Mature on Apple Silicon (M1 / M2 / M3 / M4). On Intel Macs MLX falls
back to its CPU path; supported but rarely the right choice.

## Gotchas

- **Op coverage.** First cut handled MatMul, Binary (Add/Mul/Sub/Div),
  Activation (Gelu/Silu), Cast, Softmax, LayerNorm.
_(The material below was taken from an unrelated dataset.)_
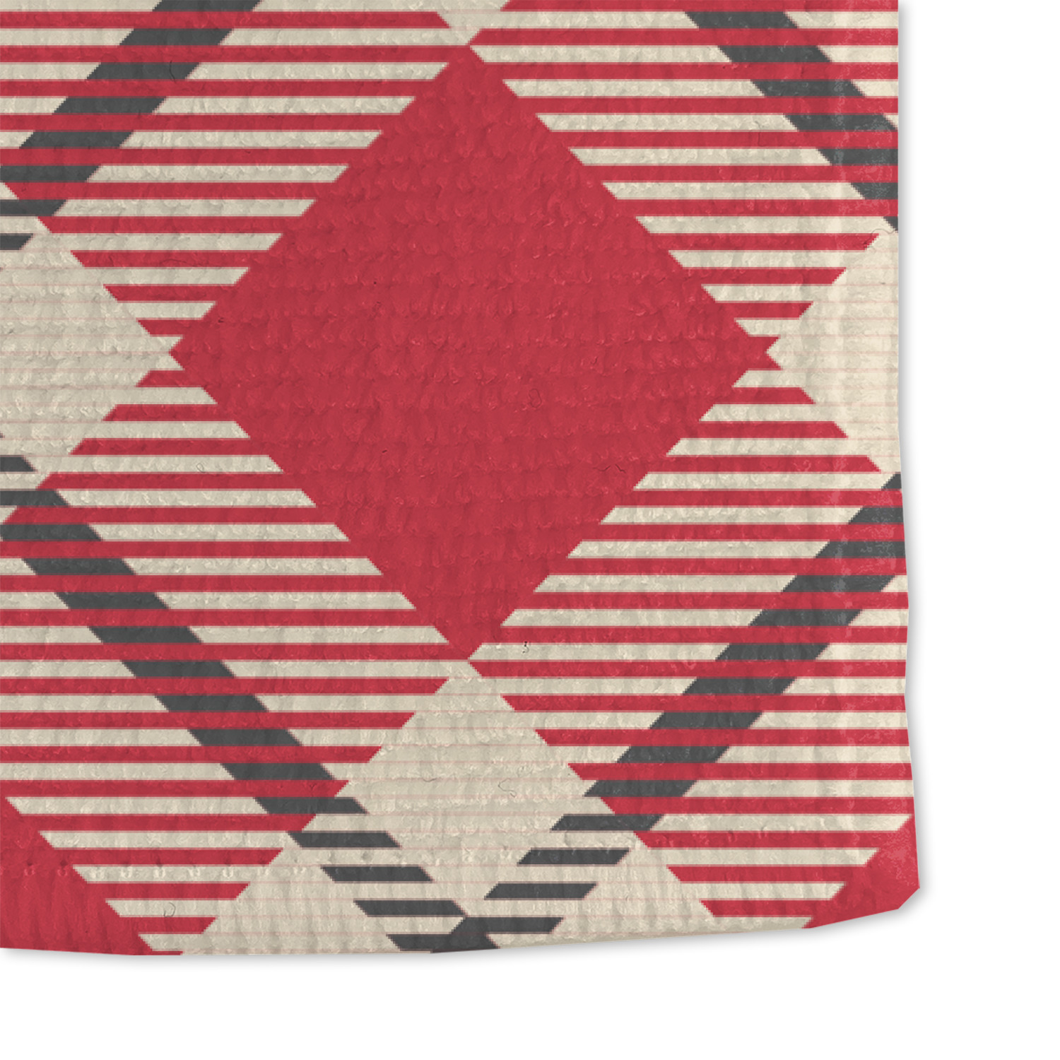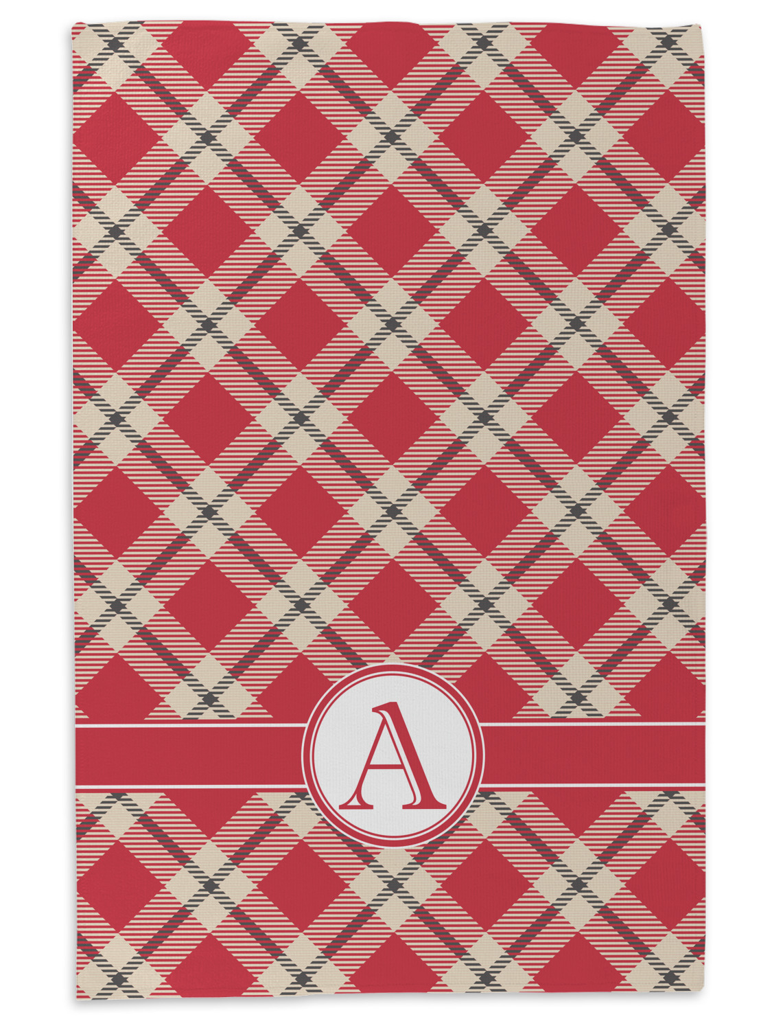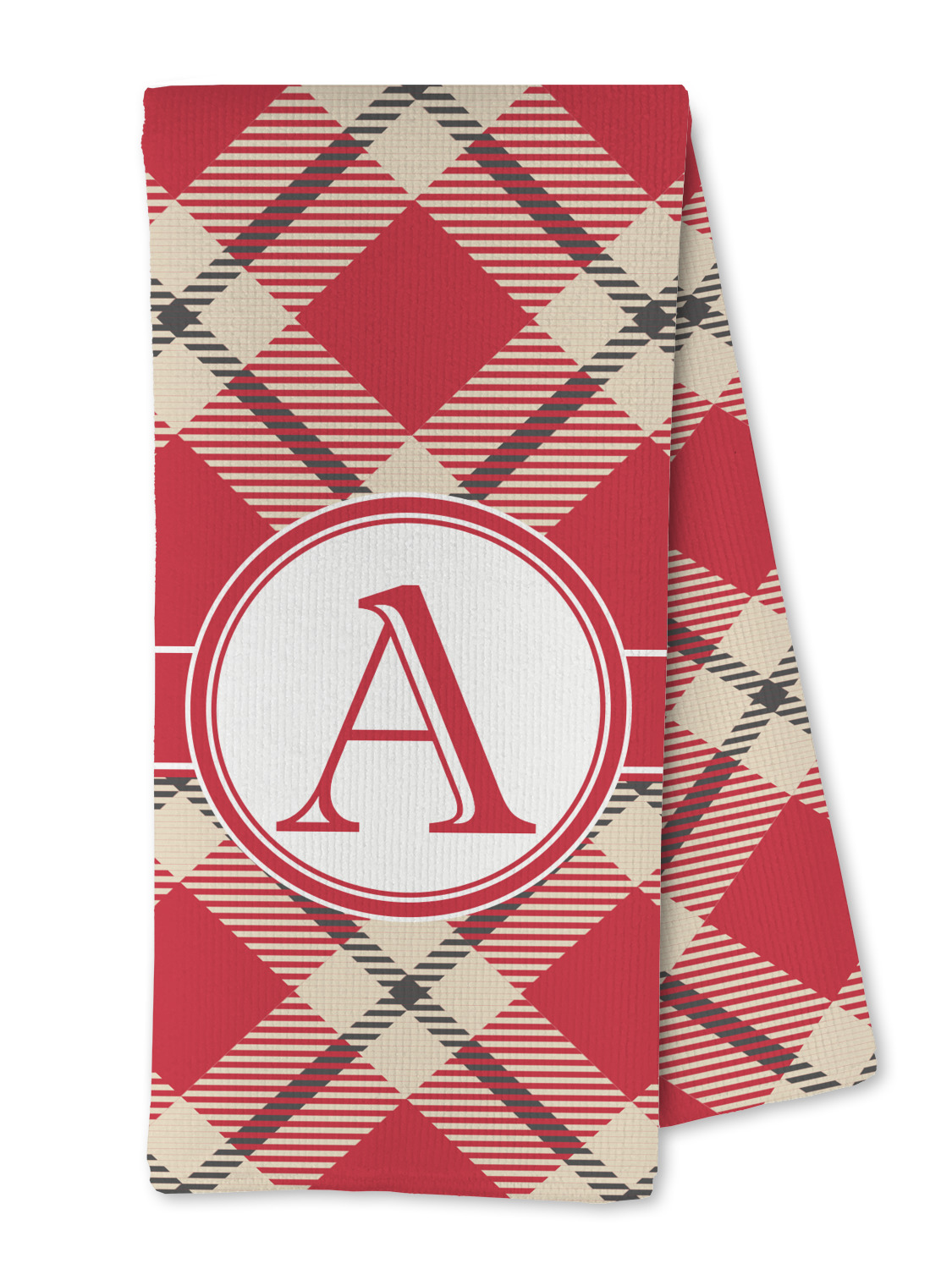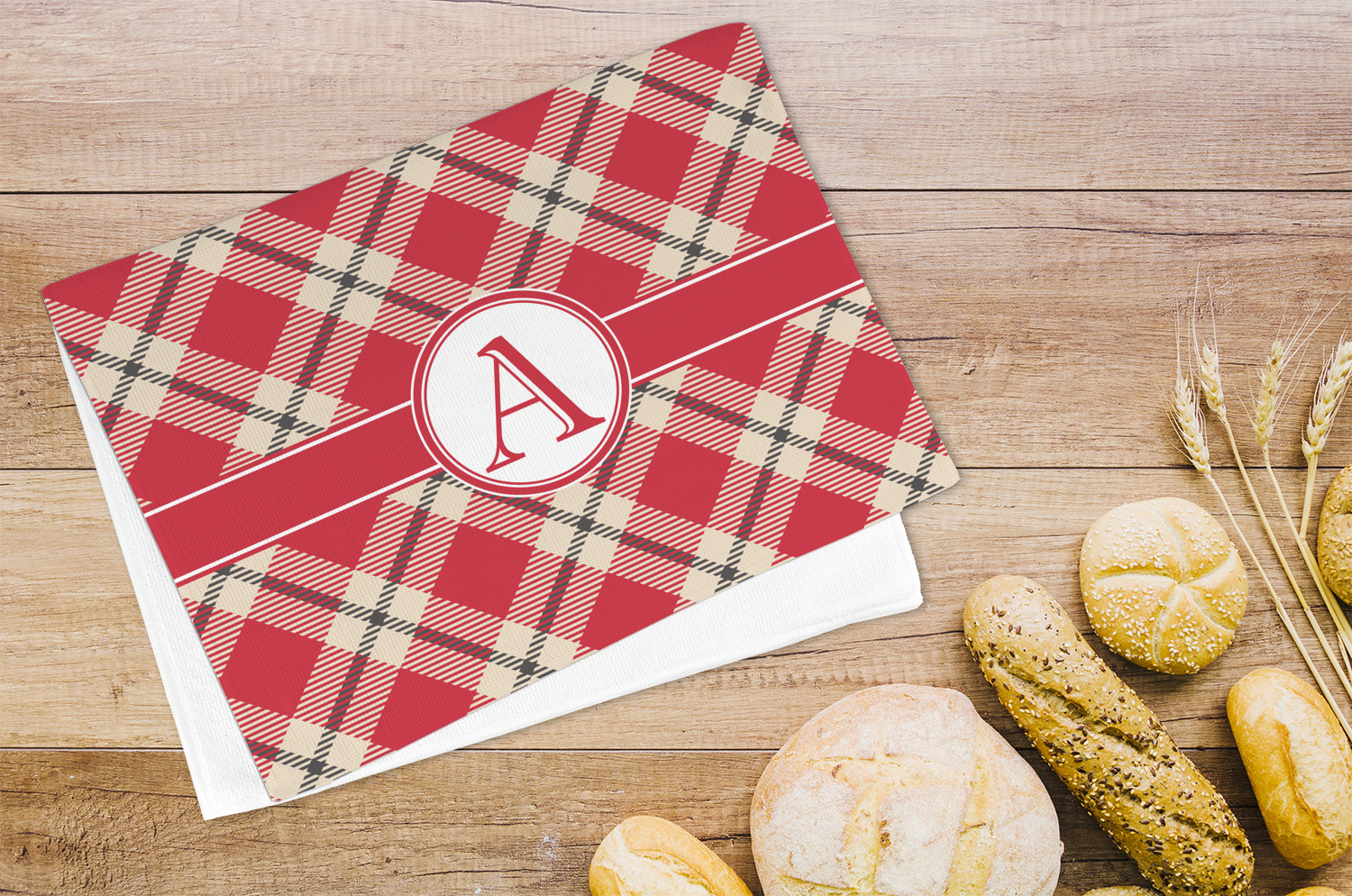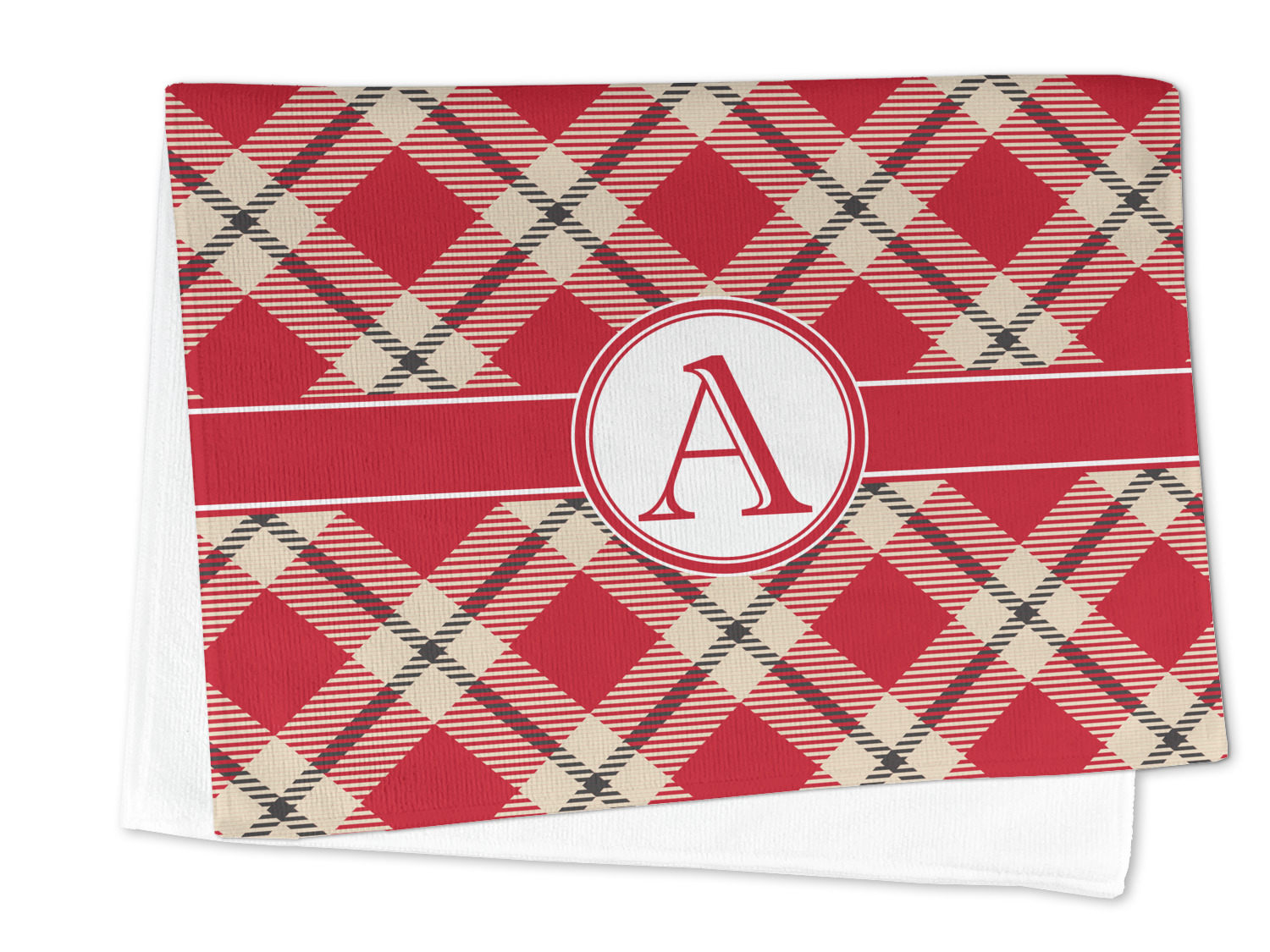 For our design, we chose a simple plaid; we chose red & tan to create a unisex palette and used dark grey for our accent color. We also chose the classic ribbon and round label with an elegant initial for our very simple, yet elegant personalization.

Now covers matmul,
  all binary / activation / cast / reduce / softmax / layer-norm /
  RMS-norm, fused attention (SDPA via
  `fast::scaled_dot_product_attention`), pool composition, dot-general,
  selective-scan unroll, calibrated cost model, async commit + sync.
  Anything else returns `MlxError("unsupported op …")` from
  `lower::lower_and_run`. Adding an op means: an entry in `cpp/shim.h`,
  the matching impl in `shim.cpp`, an `extern "C"` decl in `ffi.rs`,
  a wrapper in `ops.rs`, and a match arm in `lower.rs`.
- **Fresh-graph-per-run.** Every `run()` rebuilds the MLX graph from
  scratch. MLX's own trace cache amortizes this, but if you need lower
  per-run latency, the next step is `mlx::compile`-style placeholder
  bindings (track the input/param NodeIds → MLX placeholder handles,
  reuse the compiled graph across runs).
- **F32 I/O default.** Inputs/params come in as `&[f32]` and outputs come
  out as `Vec<f32>`. The shim casts to/from MLX's per-array dtype
  internally (so AutoMixedPrecision still does the right thing inside
  the graph). The runtime trait now exposes
  `set_param_typed(name, &[u8], dtype)` and
  `run_typed(inputs: &[(&str, &[u8], DType)]) -> Vec<(Vec<u8>, DType)>`;
  default impls handle F32 only; the MLX backend overrides with the
  zero-widen path through `Array::from_bytes` / `Array::to_bytes`. CPU
  and Metal inherit the F32 default — they panic for non-F32 typed
  inputs (override is a future PR for those backends).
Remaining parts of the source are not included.